> _RECORDED DATA_
┄┄┄┄┄┄

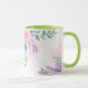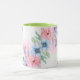 Diese hübsche Tasse zeigt hübsche Blume in Rosa, Lavendel, Blau und Grün und Akzente rund um die Tasse auf weißem Hintergrund. Das Innere und der Griff der Probe werden mit auffallendem Kalkgrün dargestellt. Wechseln Sie auf Wunsch in den gewünschten Griff/die gewünschte Innenfarbe. Passen Sie diese Tasse an oder kaufen Sie sie wie geplant.
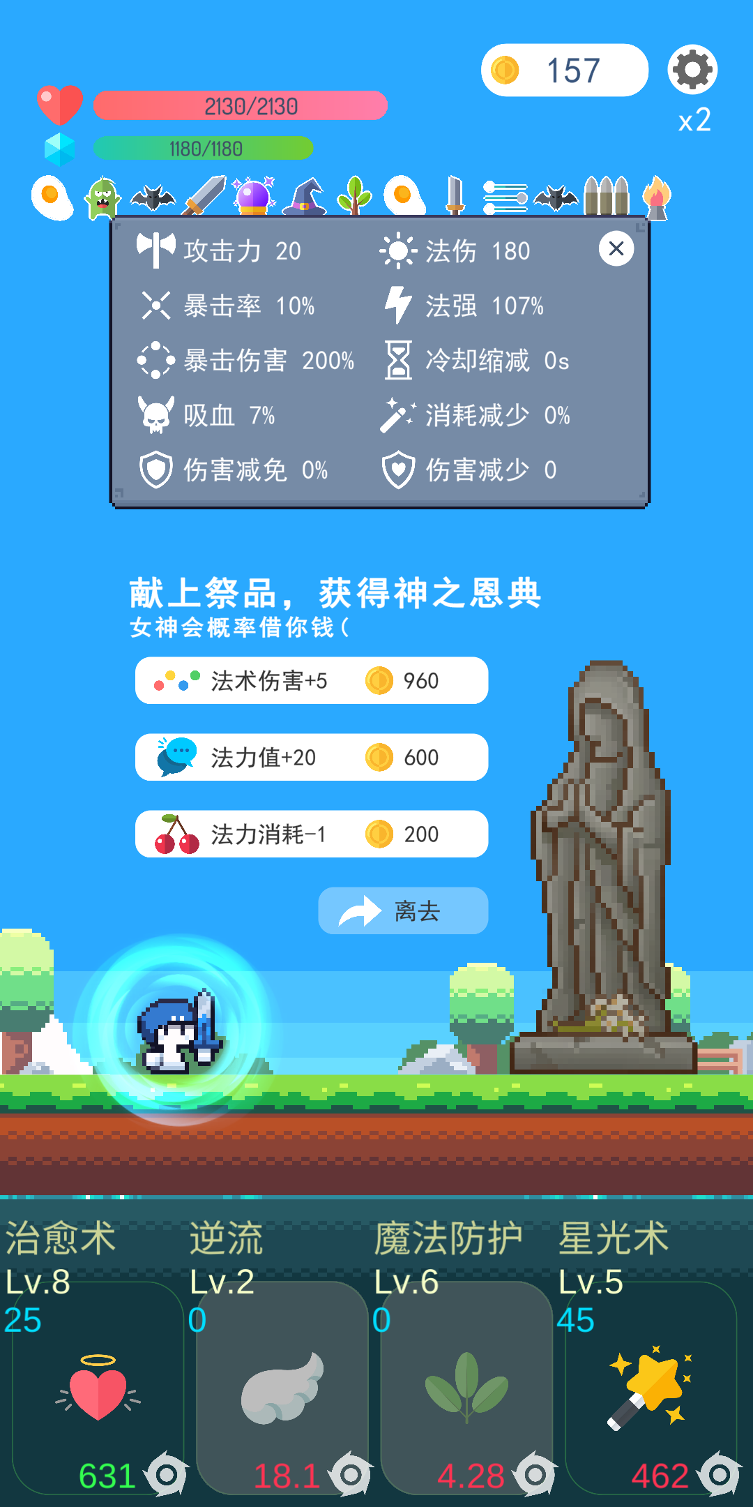 这个攻略适合所有人,我的思路是这样的武器选择蓝剑防具选择兜帽这个两个东西很便宜玩个几把都能买的起!武器可以加法伤,防具可以回蓝尤其是打到20关以后,小怪打的太疼了需要治愈术续航,要知道游戏难的点就在前期!
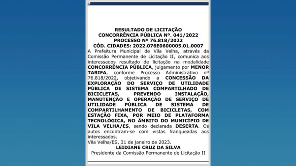 Previsto para voltar a funcionar até o final deste semestre, o sistema de bicicletas compartilhadas de Vila Velha, o Bike VV, ainda depende de empresas interessadas na concessão do serviço. Em uma publicação no Diário Oficial desta quarta-feira (01), a licitação foi dada como "deserta" – ou seja, não houve procura pelo empreendimento. >
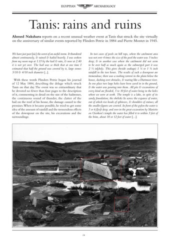 Tanis: rains and ruins Ahmed Nakshara reports on a recent unusual weather event at Tanis that struck the site virtually on the anniversary of similar events reported by Flinders Petrie in 1884 and Pierre Montet in 1945. We have just past [sic] the worst of an awful storm. It thundered almost continuously, & rained & hailed heavily. I was woken from my noon nap at 1.15 by the hail & rain, & now at 2.40 it is not yet over. The hail was so thick that at one time I estimated that half the ground was covered by it, large stones 3/10 & 4/10 inch diameter [...].

┄┄┄┄┄┄

> _EXERCISE DESCRIPTION_
Repeat only the lines from the one with "这个攻略适合所有人,我的思路" through the end of the data, both included and exactly as written. Pictures stay out of the copy.

> _SOLUTION FOR THIS PROBLEM_
 这个攻略适合所有人,我的思路是这样的武器选择蓝剑防具选择兜帽这个两个东西很便宜玩个几把都能买的起!武器可以加法伤,防具可以回蓝尤其是打到20关以后,小怪打的太疼了需要治愈术续航,要知道游戏难的点就在前期!
 Previsto para voltar a funcionar até o final deste semestre, o sistema de bicicletas compartilhadas de Vila Velha, o Bike VV, ainda depende de empresas interessadas na concessão do serviço. Em uma publicação no Diário Oficial desta quarta-feira (01), a licitação foi dada como "deserta" – ou seja, não houve procura pelo empreendimento. >
 Tanis: rains and ruins Ahmed Nakshara reports on a recent unusual weather event at Tanis that struck the site virtually on the anniversary of similar events reported by Flinders Petrie in 1884 and Pierre Montet in 1945. We have just past [sic] the worst of an awful storm. It thundered almost continuously, & rained & hailed heavily. I was woken from my noon nap at 1.15 by the hail & rain, & now at 2.40 it is not yet over. The hail was so thick that at one time I estimated that half the ground was covered by it, large stones 3/10 & 4/10 inch diameter [...].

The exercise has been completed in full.